Given information
=== Section Start ===

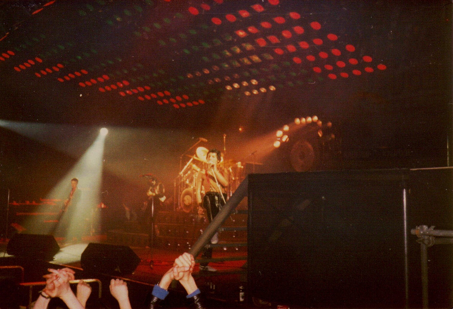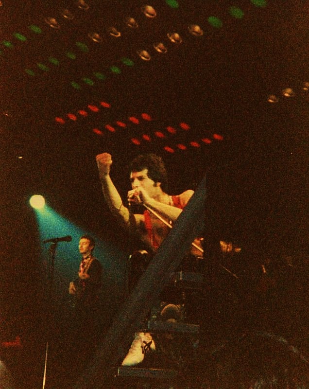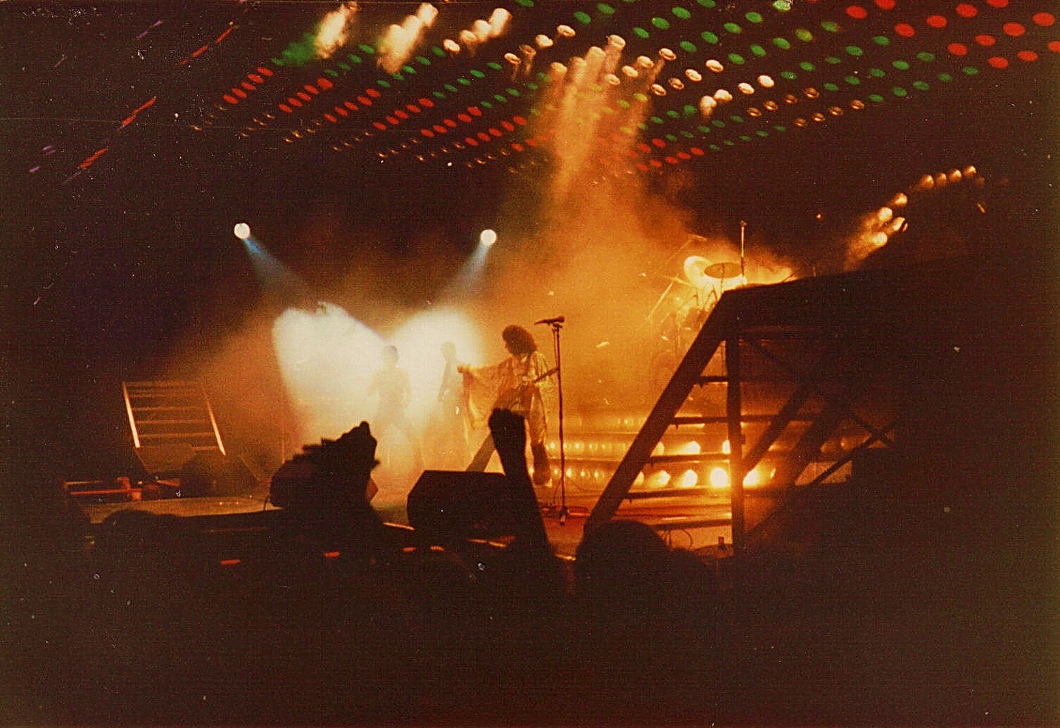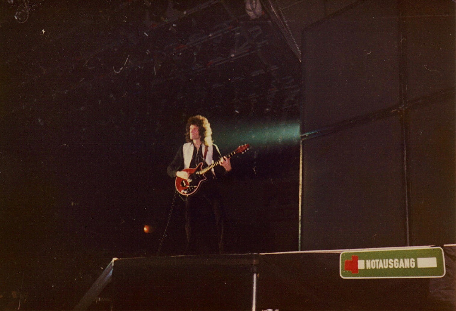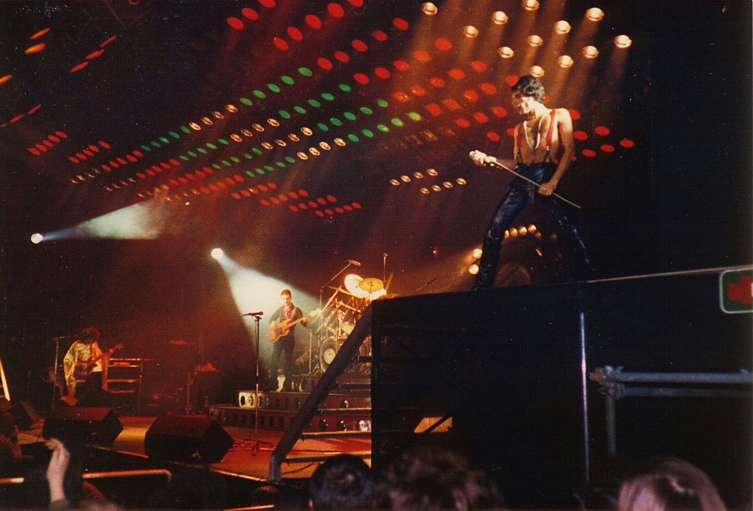 This is a pretty energetic show with many wonderful musical and vocal moments, and Freddie sounds relatively strong by early 1979 standards. Highlights of the show include If You Can't Beat Them, Now I'm Here, and Brighton Rock. Mercury attempts to introduce Now I'm Here, but an audience member interrupts him. "No, it's not Tie Your Mother Down. That comes later!" Before Love Of My Life, Freddie says: "We have a song right now that requires a very, very big choir. And that is you. So we're gonna give you the first few lines in this next song, and you can take it wherever you want." After the song, Brian formally introduces Roger and John back to the stage. "And on wondrous vocals, Mr. Freddie Mercury." Freddie forgets most of the words in the first chorus of It's Late. Later he introduces Bohemian Rhapsody from the piano, something he rarely did after the A Day At The Races tour. Brian gives a great performance as well, although his G-string is very out of tune on Sheer Heart Attack (but considering the nature of how the song is performed, it still works). And then at the final peak of the show, just before the final "Of the world" during We Are The Champions, he plays a completely wrong chord, hitting the 7sus4 chord in B instead of C. Here is a brief write-up about the show, referring to a record-setting audience. It also says, "Before the carnival there are a few rock concerts in the Sporthalle, starting off with sold-out Queen and Udo Lindenberg concerts. Uriah Heep and Status Quo sold thousands of tickets for their concerts as well." The first 29 pictures were taken by Wolfgang Trabitzsch (and later colour-corrected by Nino Trovato, along with pics 30 to 32). |
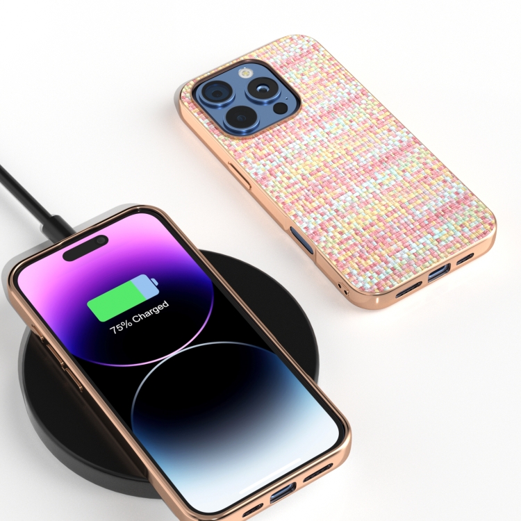 Funda de Teléfono PU con Marco Galvanizado y Enrejado para iPhone 16 Pro Max (Rosa)
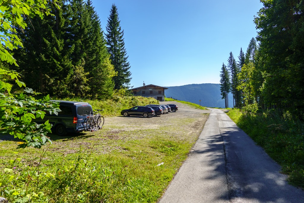 Még elmasírozom a másik Sulzenalm, a Kralehenhütte mellett, mely kicsivel a Wallehenalm alatt fekszik (érdekes hangzású nevek). A visszafelé vezető út nagyrésze jóillatú fenyveserdőn át vezet. A Wallehenalmtól számítva, cirka 1:15 óra alatt érkezem vissza a Rettensteinhütte parkolójába (lenti kép).
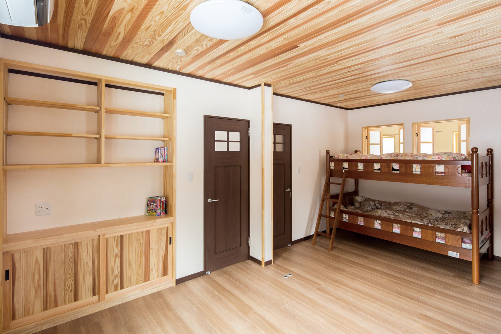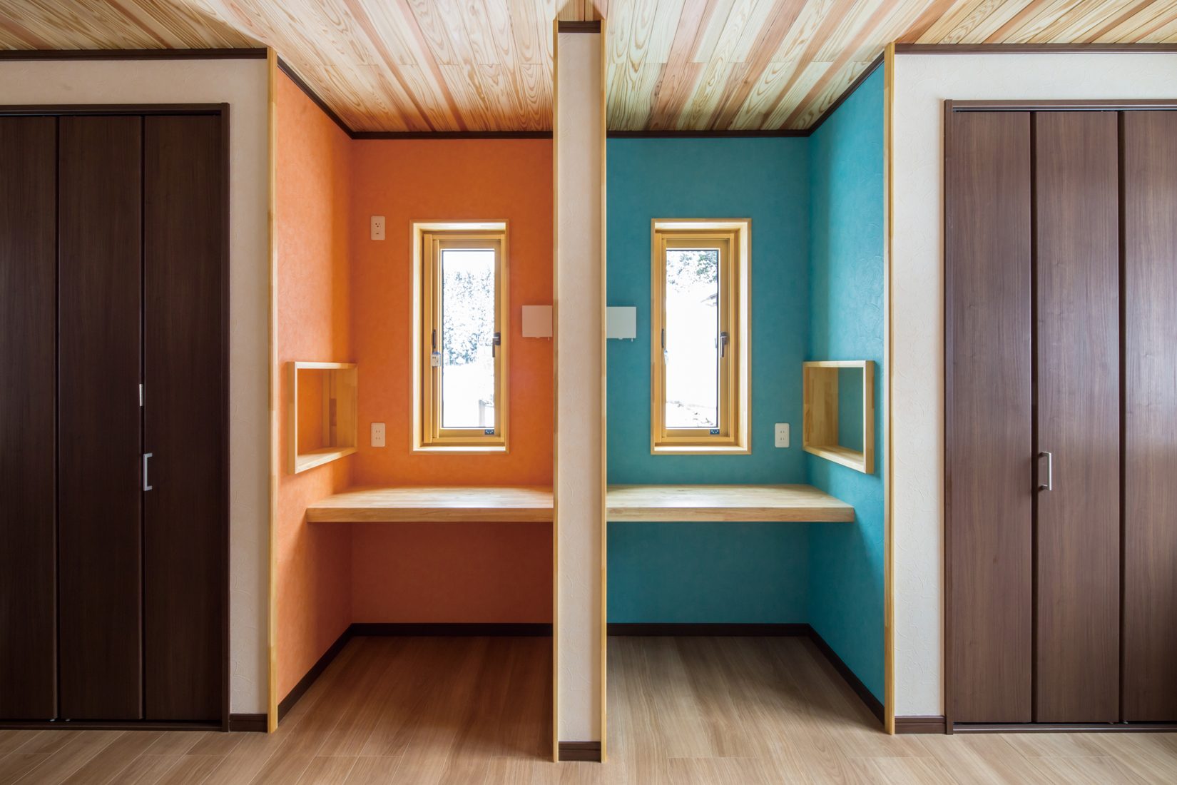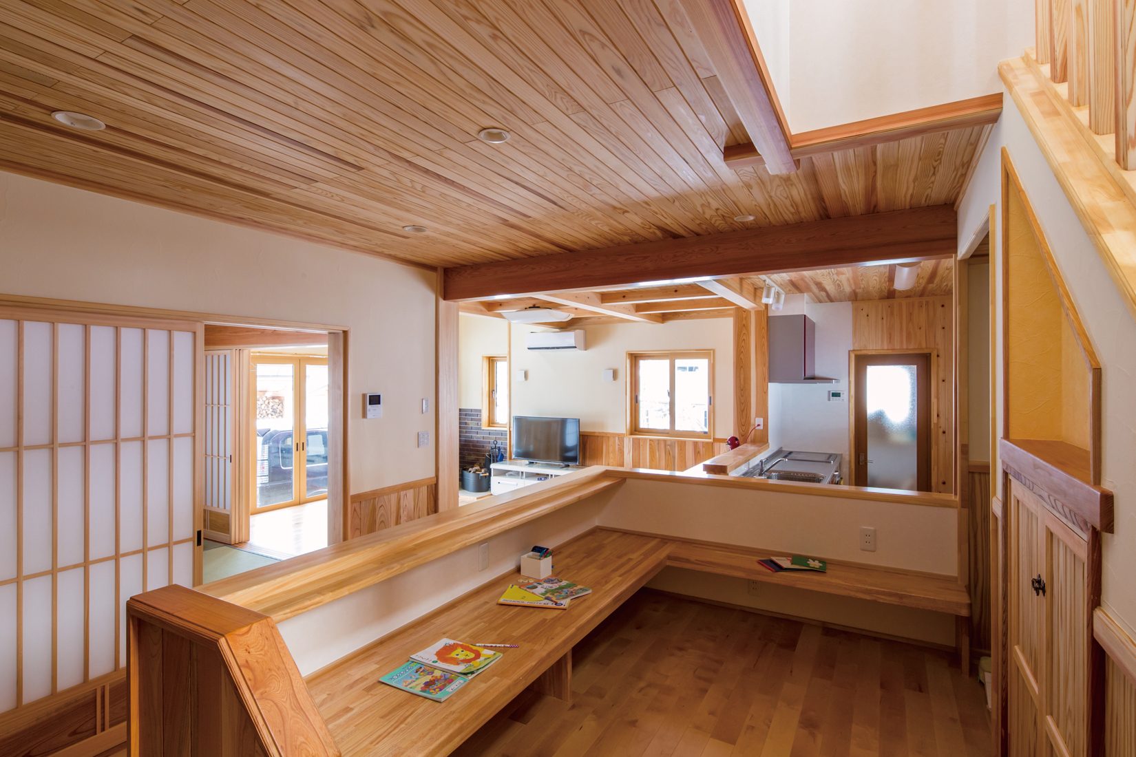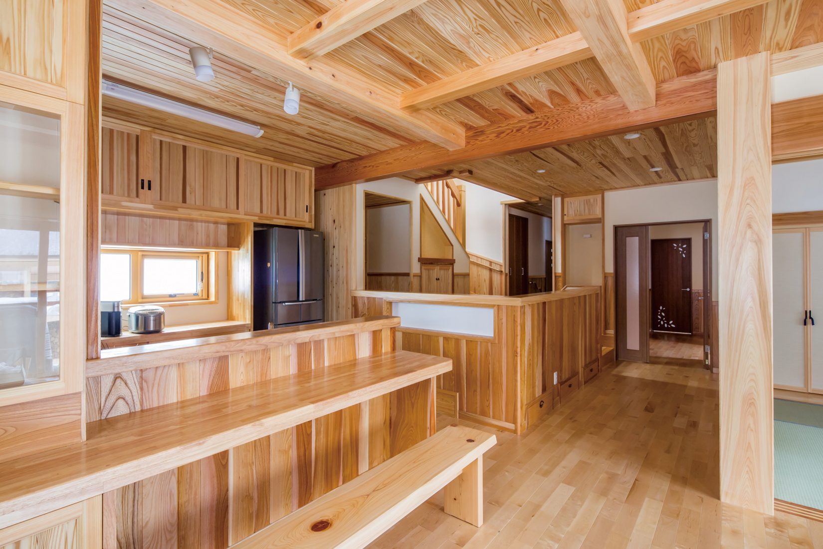 A邸はAさんを中心に、妻のHさん、Aさんの母と3人の子どもという6人家族が暮らしている。「実家の老朽化と冬の寒さが体にも堪えるし、子どもたちの成長に伴って家を新築したいね、と話していました」とAさん。こうして、実家の敷地内に新居を構えるという計画で、家づくりがスタート。「地元のビルダーで家を建てたいと思ってビルダー探しをしました。通し柱を必ず使う点と、木材に塗り壁など自然素材をふんだんに使った家づくりをしている点で、アベ建さんのこだわりに共感したのです(Aさん)」。A邸では床にカバザクラ、腰板の一部にケヤキ、ブナ、ヒバ、天井にスギ、通し柱にヒノキと、樹種の特性に合わせて材を使い分けている。

=== Section End ===

Exercise
Restate word for word each line from the one containing "Funda de Teléfono" through the end of the material, pictures excluded.

Result of this exercise
 Funda de Teléfono PU con Marco Galvanizado y Enrejado para iPhone 16 Pro Max (Rosa)
 Még elmasírozom a másik Sulzenalm, a Kralehenhütte mellett, mely kicsivel a Wallehenalm alatt fekszik (érdekes hangzású nevek). A visszafelé vezető út nagyrésze jóillatú fenyveserdőn át vezet. A Wallehenalmtól számítva, cirka 1:15 óra alatt érkezem vissza a Rettensteinhütte parkolójába (lenti kép).
 A邸はAさんを中心に、妻のHさん、Aさんの母と3人の子どもという6人家族が暮らしている。「実家の老朽化と冬の寒さが体にも堪えるし、子どもたちの成長に伴って家を新築したいね、と話していました」とAさん。こうして、実家の敷地内に新居を構えるという計画で、家づくりがスタート。「地元のビルダーで家を建てたいと思ってビルダー探しをしました。通し柱を必ず使う点と、木材に塗り壁など自然素材をふんだんに使った家づくりをしている点で、アベ建さんのこだわりに共感したのです(Aさん)」。A邸では床にカバザクラ、腰板の一部にケヤキ、ブナ、ヒバ、天井にスギ、通し柱にヒノキと、樹種の特性に合わせて材を使い分けている。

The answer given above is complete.